Have a set of these - agree they are good quality. Bought mine with a calibration weight for an extra £10.00. Surprised when reading posts about scales that no-one seems to think about the need for occasional checking/recalibration to ensure scales are not over/under weighing - rather critical for the fine tolerances we coffee heads seek.


----------



## garydyke1 (Mar 9, 2011)

Just get 2 sets of these instead

http://www.ebay.co.uk/itm/300g-x-0-01g-Small-Mini-Jewelry-Gram-Pocket-Digital-Balance-Weight-Digital-Scale-/151067184567?pt=UK_BOI_Electrical_Test_Measurement_Equipment_ET&hash=item232c4e4db7

flipping brilliant


----------



## Kyle548 (Jan 24, 2013)

Hario scales have a 3 second latency at low weights.

Really they are designed to measure heavy weights of a caraffe, dripper and a brew stand and, at the other end, a few beans.

Saying that, for meassuring in and out, rather than the pour, they are very good.


----------



## Fevmeister (Oct 21, 2013)

The Systemic Kid said:


> Have a set of these - agree they are good quality.

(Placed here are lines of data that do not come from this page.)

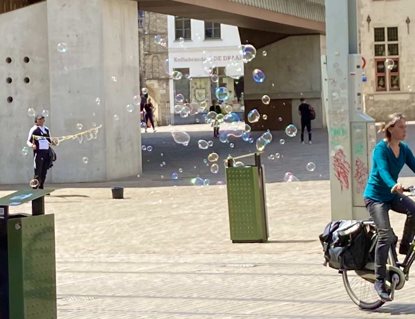 Liège is the third largest city in Belgium and the old quarter is full of ancient churches, squares and lanes – and also full of the bustle and hustle of a modern centre with shopping arcades and busy streets. But our mooring was effectively on a large island, mostly given over to a pleasant park popular with the Liègoise. (Apologies again – I just can’t keep out of water!)
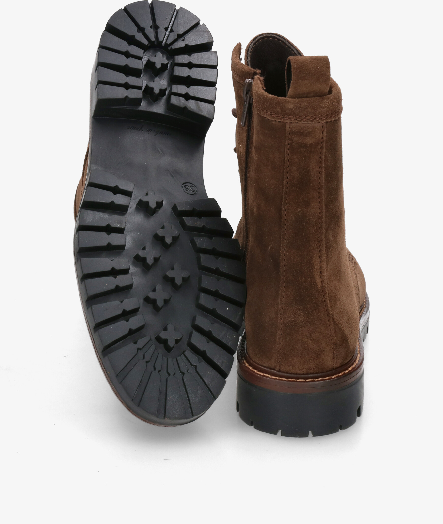 Botines Alpe 2610 en serraje marrón. Cierre con cremallera y cordones. La plantilla no es extraible. Hecho en España.
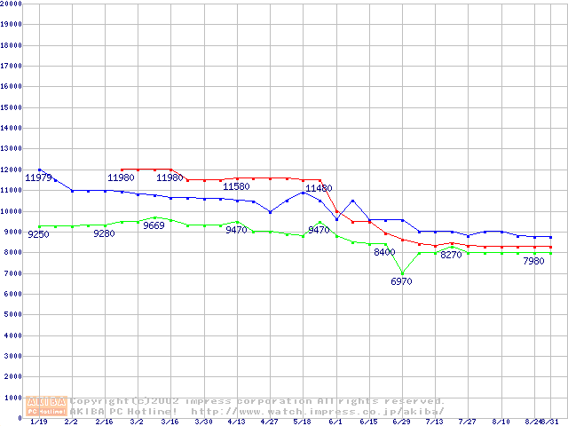 | [↑前グラフ]: | 2.5インチHDD主要製品(最安値3万円以上)の最安値推移 |
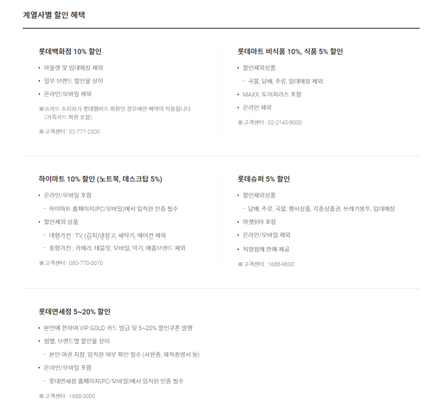 롯데그룹 혜택 이외에 카드 자체의 혜택은

Bought mine with a calibration weight for an extra £10.00. Surprised when reading posts about scales that no-one seems to think about the need for occasional checking/recalibration to ensure scales are not over/under weighing - rather critical for the fine tolerances we coffee heads seek.


what weight do you use for calibration?


----------



## ronsil (Mar 8, 2012)

I use a 100 gram certified weight


----------



## The Systemic Kid (Nov 23, 2012)

Fevmeister said:


> what weight do you use for calibration?


As Ron says - a 100grm calibration weight is perfect - if you are thinking of getting some scales - check that they have a calibration function - not sure all do, especially the cheaper ones.


----------



## Fevmeister (Oct 21, 2013)

Our scales do have a calibration function though Sys?


----------



## Mrboots2u (May 10, 2013)

Does anyone have any that go above 300g , as the ones I have won't hold a cap cup for weight , or if they do , the display quickly springs to o-l-d read out . Perhaps they don't react quick enough?


----------



## Charliej (Feb 25, 2012)

I have the American Weighing System Blade scales that are 1kg max weight with 0.1g accuracy, they come with a 10 year warranty, I got them from Amazon earlier this year for £9.95 and can highly recommend them, they even survived a thorough soaking whilst switched on a couple of nights ago, whilst filling the Sage DB the top decided to come off the Brita jug and dump its contents all over the machine, and the scales which I had just been using to weigh the Hamster and were still on. I switched them off and dried everything down and they were no worse for wear in the morning. I can highly recommend them. I only paid £8.95 for mine but they seem to have gone up in price but I still feel they are worth the extra:

http://www.amazon.co.uk/gp/product/B0012N1NAA/ref=olp_product_details?ie=UTF8&me=&seller=

http://www.ebay.co.uk/itm/American-Weigh-American-Weigh-Black-Blade-Digital-Pocket-Scale-1000-by-0-1-G-/151117711792?pt=AU_Kitchen_Scales&hash=item232f5149b0


----------



## Mrboots2u (May 10, 2013)

They look good , but not sure I want to spend £25 on scales......


----------



## jeebsy (May 5, 2013)

http://www.ebay.co.uk/sch/i.html?_odkw=aws+scales&_osacat=0&_from=R40&_trksid=p2045573.m570.l1311.R1.TR3.TRC0.A0.X0.1g+&_nkw=digital+scales+0.1g&_sacat=0

Any of these that go up to 500g would do - most portafilters with a basket and some beans come in under that weight too...


----------



## dwalsh1 (Mar 3, 2010)

Same thread here http://coffeeforums.co.uk/showthread.php?12823-Scales


----------



## Charliej (Feb 25, 2012)

Mrboots2u said:


> They look good , but not sure I want to spend £25 on scales......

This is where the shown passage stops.